01: For this icon I was too lazy to extract all of the strands of hair in the original image. Instead- I used an eraser for the larger portions, and let the rest go. I colored the canvas the same purple color in the scan.
02: To help hide the fact that I was lazy, I used a brush with the same purple color on Multiply, and made some blurry squiggles to imply shading and depth of the background. Although it may not be visible in the completed icon, I find this step helpful for visualising the final icon and planning where to apply light textures, contrasting colors, etc.
03: Next I added this texture (by terempaty) on Hard Light, erasing some portions around the character's body. This was mainly to give the background some depth without altering the color scheme too much.
04: Then, to give the background some interest, I used this texture (maker unknown) on Overlay.
05: For contrast against the dark background, I used a portion of this texture (maker unknown) on Screen, erasing the unwanted portions.

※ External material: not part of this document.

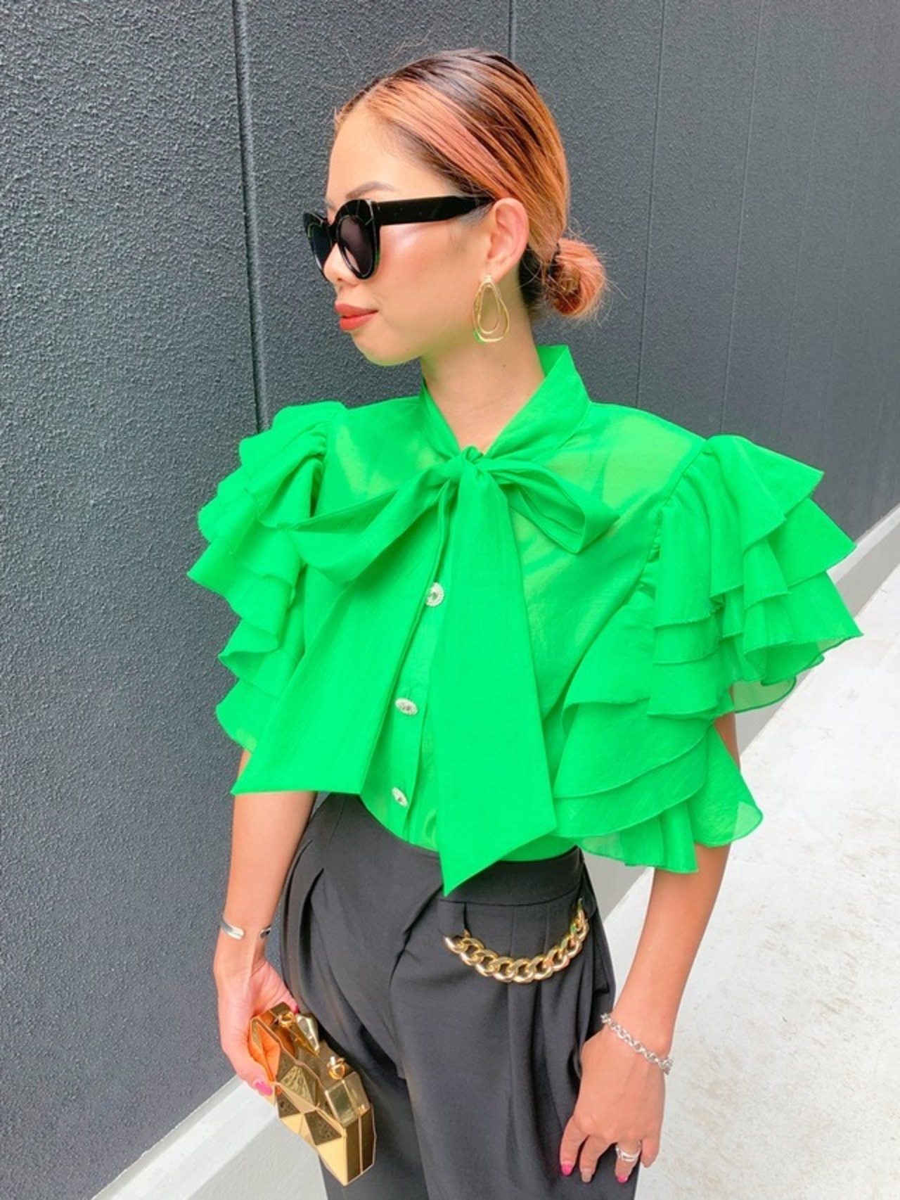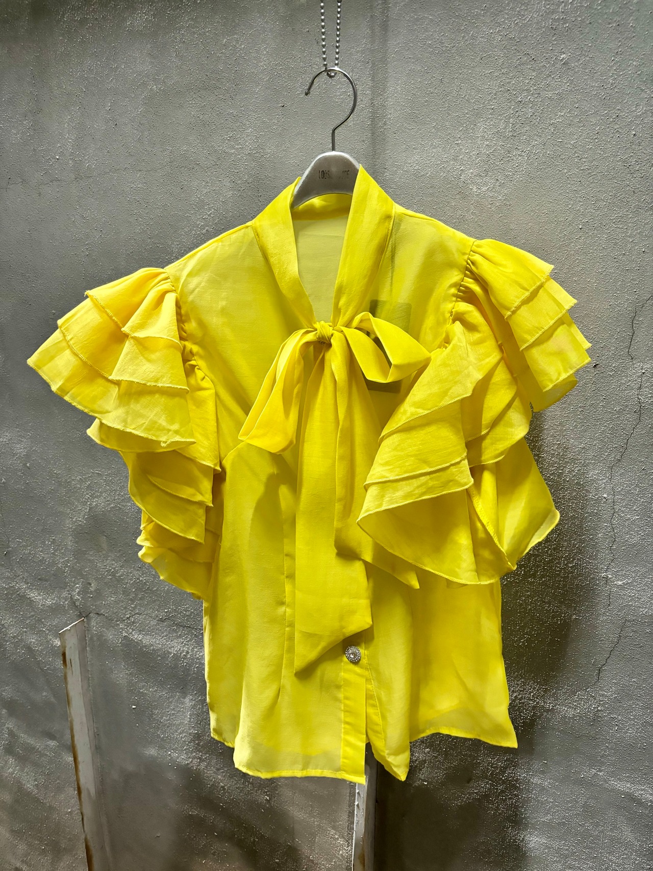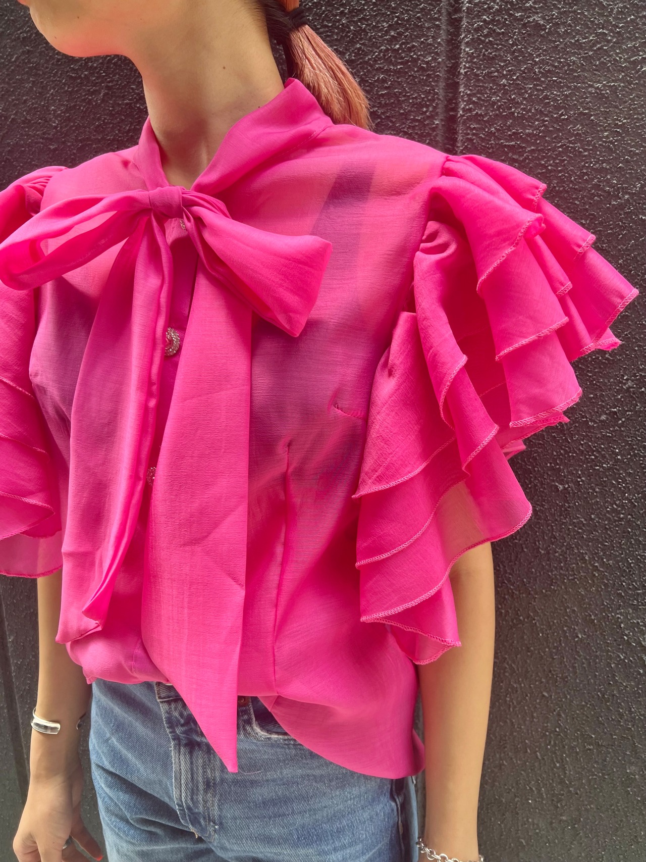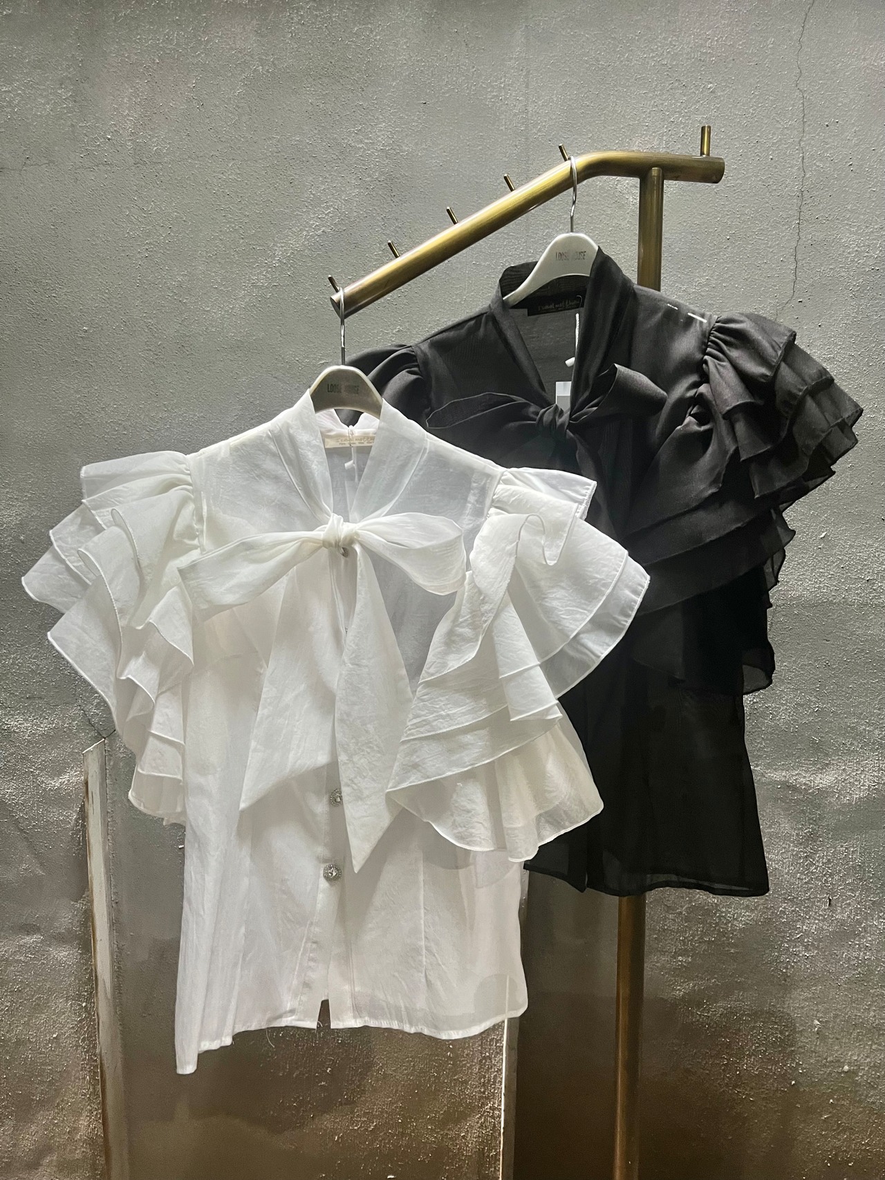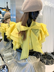 organdy frill sleeve bow-tie blouse ブラウス シャツ フリル ボウタイ リボン デザインボタン

06: To help enforce the gradient, I used this texture (maker unknown) flipped upside-down, on Overlay around 50.0 Opacity.
07: I played with the hue-saturation tool to make the colors brighter.

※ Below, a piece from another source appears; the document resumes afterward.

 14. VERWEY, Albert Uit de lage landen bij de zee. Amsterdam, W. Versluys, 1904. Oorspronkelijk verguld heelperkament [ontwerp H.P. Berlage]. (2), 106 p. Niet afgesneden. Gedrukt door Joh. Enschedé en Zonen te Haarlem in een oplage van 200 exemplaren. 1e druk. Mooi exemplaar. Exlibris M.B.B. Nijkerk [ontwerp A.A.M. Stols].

I don't want the colors to get too neon, so this layer went down to about 40.0 Opacity.
08: I felt like the character was getting lost in the background a little, so to make her stand our more I played with the curves layer a bit.
09: Now she looks a little too dark against the background, so I put a New From Visible layer on Screen, erased the background portions, and then adjusted the opacity until I was happy, and then used this texture (by querita) on Overlay at a low opacity to finish it off!
These kinds of icons are really easy to make since you basically just get to slap textures on your scan and play with the color adjustments a little bit. The light, slightly blurry gradient effect is the main characteristic from using this technique.